Since last year, China has been expanding the scope of unilateral visa-free countries. So far, China has granted unilateral visa-free access to France, Germany, Italy, the Netherlands, Spain, Switzerland, Ireland, Hungary, Austria, Belgium, Luxembourg and other countries, while China has also realized mutual exemptions with Thailand, Singapore, Malaysia, Georgia and other countries.

 

16.Ecuador canceled visa-free for Chinese citizens

 

Ecuador announced on June 18 that it would suspend a visa waiver agreement signed with China for Chinese citizens, and since July 1, Chinese citizens cannot enter Ecuador visa-free.The Ministry of Foreign Affairs (MFA) said the China-Ecuador mutual visa waiver agreement has played an important and positive role in bilateral people-to-people exchanges and practical cooperation in various fields since it came into effect in August 2016, the MFA said.
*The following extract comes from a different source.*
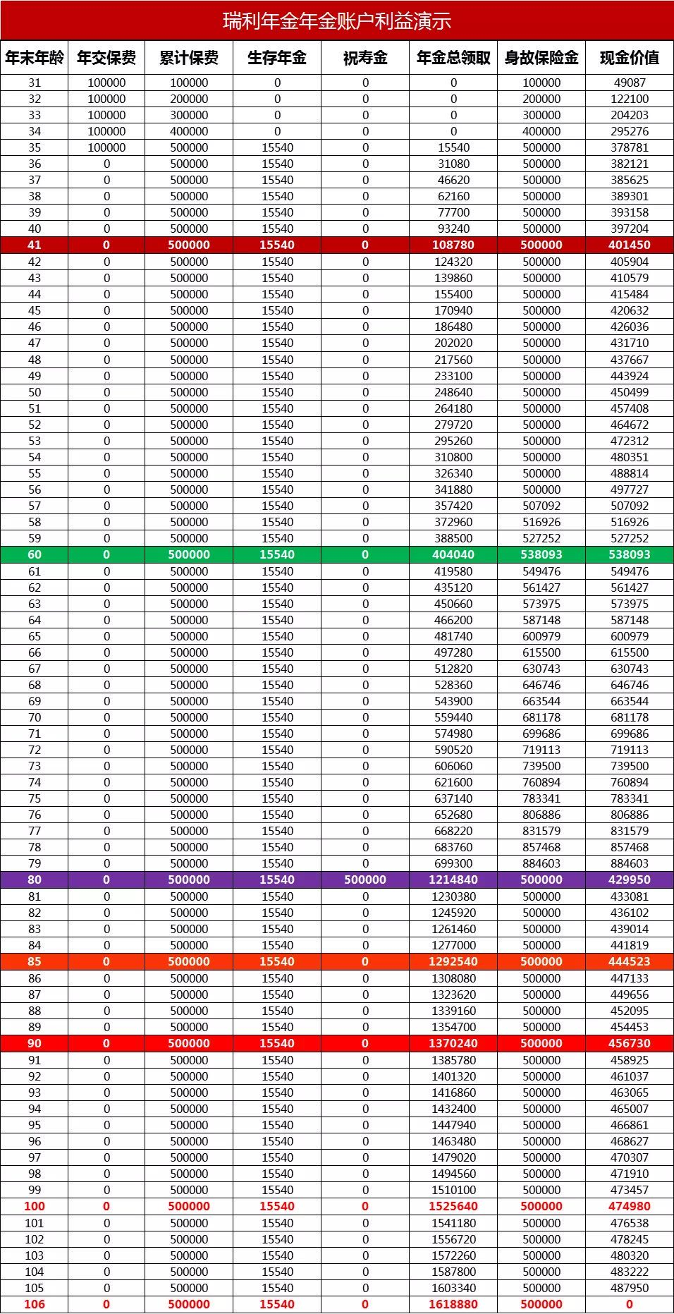 這點(diǎn)不用擔(dān)心,死亡有身故保障金,什么時(shí)候掛都不會(huì)虧本。換句話說,如果80歲前身故,可以每年領(lǐng)錢,身故時(shí)還有身故保障金。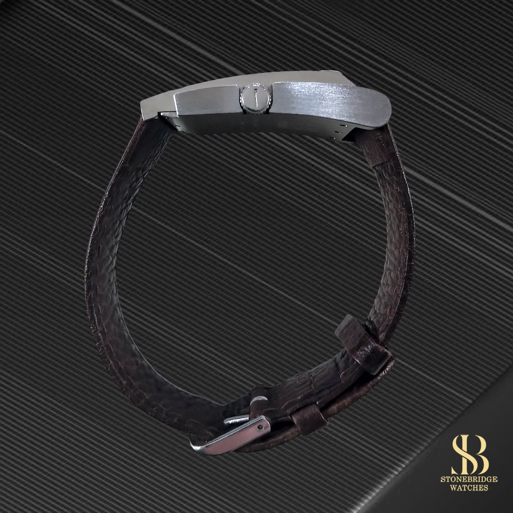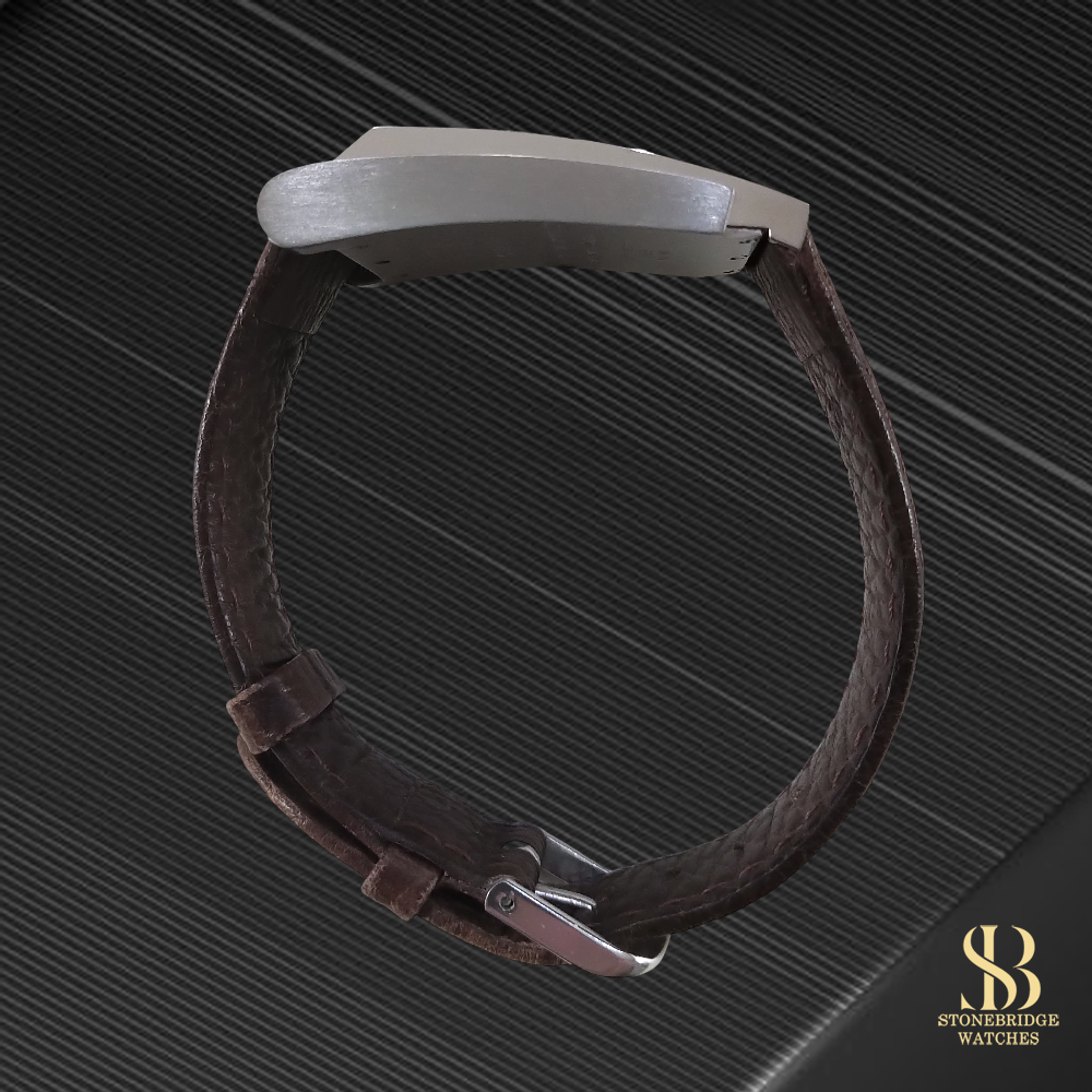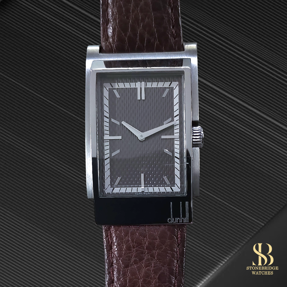 A refined expression of modern British design, this Dunhill Wayfarer offers a distinctive and understated presence on the wrist. The sharply defined rectangular stainless steel case frames a richly textured brown dial, whose intricate wave pattern catches the light beautifully, adding depth and character that is often lost in flatter designs. Applied baton hour markers and sleek hands maintain a clean, architectural aesthetic, while the subtle contrast between the dial texture and chapter ring ensures excellent legibility.

The Chinese government firmly opposes any form of smuggling activities. In recent years, Chinese law enforcement authorities have made heavy efforts to rectify crimes and offences against state (border) administration, maintaining a strict and high-pressure situation against various people-smuggling organizations and unlawful elements engaging in people-smuggling activities, and achieving remarkable results. At the same time, Chinese law enforcement agencies are cooperating with relevant countries to jointly crack down on cross-border smuggling activities, repatriate smuggled persons, and jointly maintain the order of international exchanges of people.

 

17.Brazil announced a new program of import tax on cross-border parcels

 

Local time on June 25, Brazil's Federal Revenue Service announced a new round of import tax for cross-border parcels on its official website in the form of an open letter to the specific program and details.The specifics include:

A 20% import tax on all imported e-commerce parcels under $50, a move that provides a level playing field for e-commerce platforms that are not approved to join the PRC program;

A 60% import duty on imported e-commerce parcels of US$50-3,000, but with a reduction of US$20 per parcel, which will benefit sales of home appliances, home furnishings and electronics;

E-commerce platforms enrolled in the Compliance Tax Payment Program can enjoy the convenience of early pre-declaration and fast customs clearance.

 

Although the new policy has not yet completed the final approval process, the Brazilian government has been quick to announce specific implementation details, showing the enormous pressure it is facing on cross-border tax reform.

On June 25, local time, the Brazilian Federal Tax Administration announced the specific program and details of the new round of import tax for cross-border parcels in an open letter on its official website.The specifics include:

A 20% import tax on all imported e-commerce parcels under US$50, a move that provides a level playing field for e-commerce platforms that are not approved to join the PRC program;

A 60% import duty on imported e-commerce parcels of US$50-3,000, but with a reduction of US$20 per parcel, which will benefit sales of home appliances, home furnishings and electronics;

E-commerce platforms enrolled in the Compliance Tax Payment Program can enjoy the convenience of early pre-declaration and fast customs clearance.

 

Although the new policy has not yet completed the final approval process, the Brazilian government has been quick to announce specific implementation details, showing the enormous pressure it is under in terms of cross-border tax reform.